▶ **Problem**: Drop every picture and copy exactly the lines from the one with "1882-CC $1 Morgan" through the last line of the listing below.

▶ **Collected material**:
+ + + + + + +

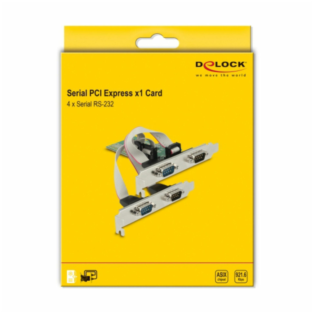 Delock vgradna PCI Express kartica razširi vaš PC s štirimi dodatnimi zunanjimi serijskimi priključki. Na kartico lahko priključite različne naprave, npr. tiskalnik, miška. Z uporabo priloženega nizkoprofilnih adapterjev lahko kartico namestite v Mini-PC.
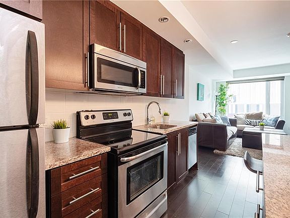 Calling all urbanites! This spacious 1 bed + den (653 sf) is perfectly nestled between the Byward Market and the University of Ottawa. This location offers a walk score of 97, allowing you to enjoy all the conveniences of downtown living at your doorstep. This open concept unit boasts beautiful hardwood floors, a modern kitchen with stainless steel appliances and a large island for cooking/seating, as well as granite countertops throughout. Easy access to Metro, Loblaws, LCBO, Shopper's Drug Mart, Rideau Shopping Centre and Parliament. Underground parking and a storage locker included! Don't want to drive? The future LRT station is located steps away! Perfect for first time home buyers or investors looking for a condo near OttawaU.
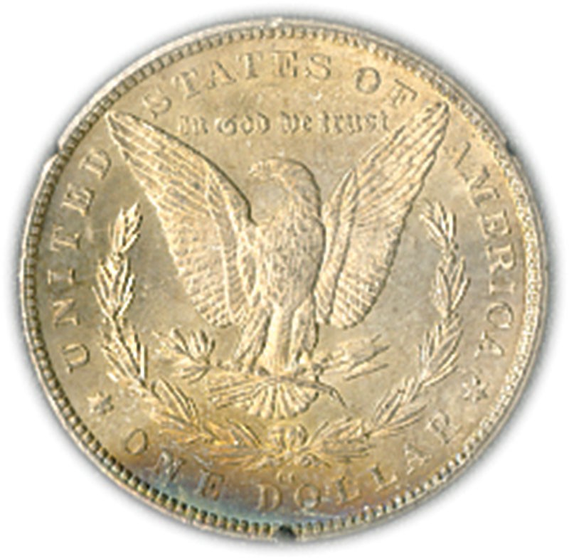 1882-CC $1 Morgan in GSA Holder. Choice Brilliant Uncirculated. Marvelous gold and iridescent toning on the reverse. A pretty coin.
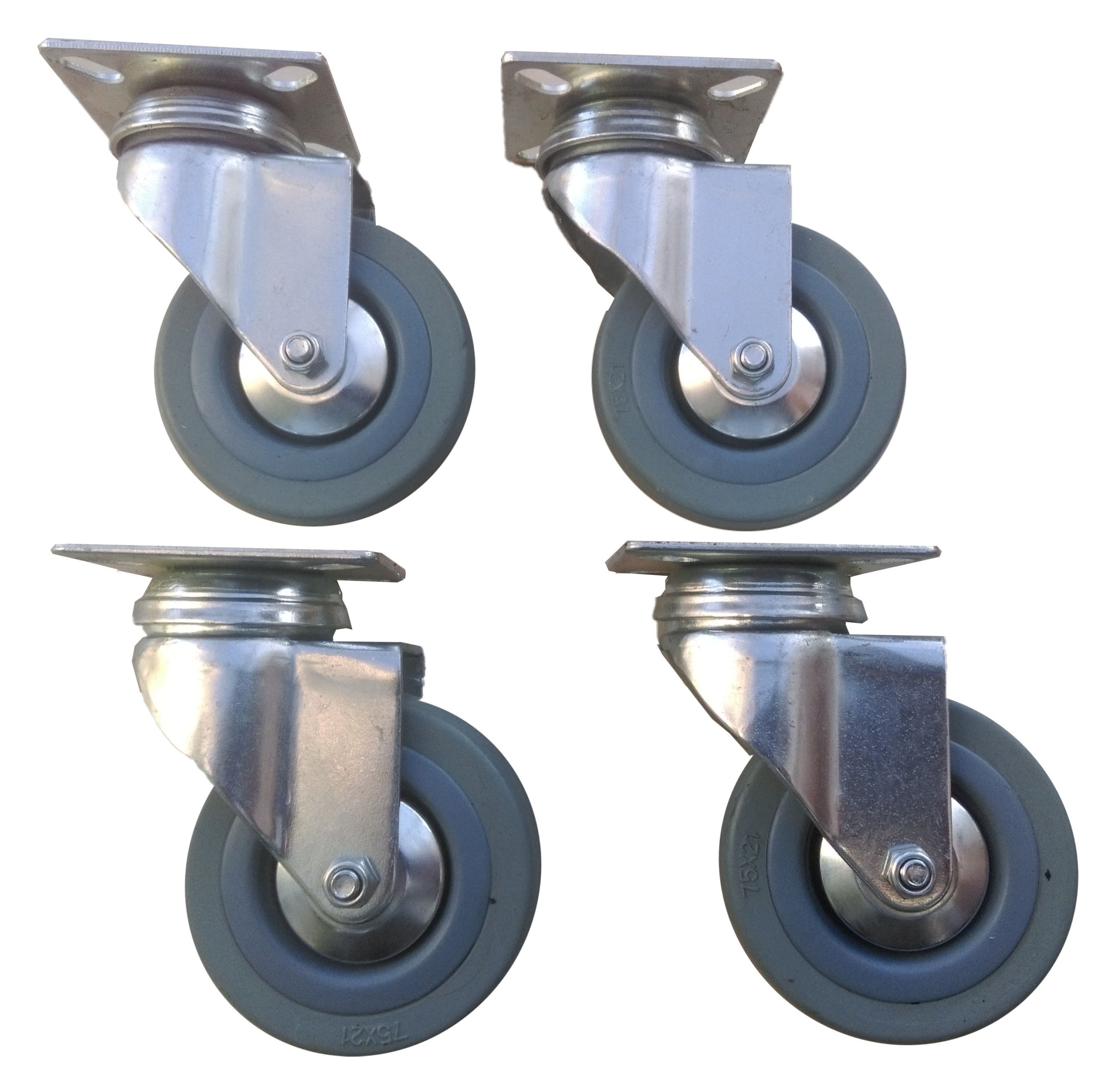 КОМПЛЕКТ КОЛІС 4 ШТ. FI 75 ММ З ПЛИСТОВИМ ГАЛЬМОМ.

+ + + + + + +

▶ **The answer**:
 1882-CC $1 Morgan in GSA Holder. Choice Brilliant Uncirculated. Marvelous gold and iridescent toning on the reverse. A pretty coin.
 КОМПЛЕКТ КОЛІС 4 ШТ. FI 75 ММ З ПЛИСТОВИМ ГАЛЬМОМ.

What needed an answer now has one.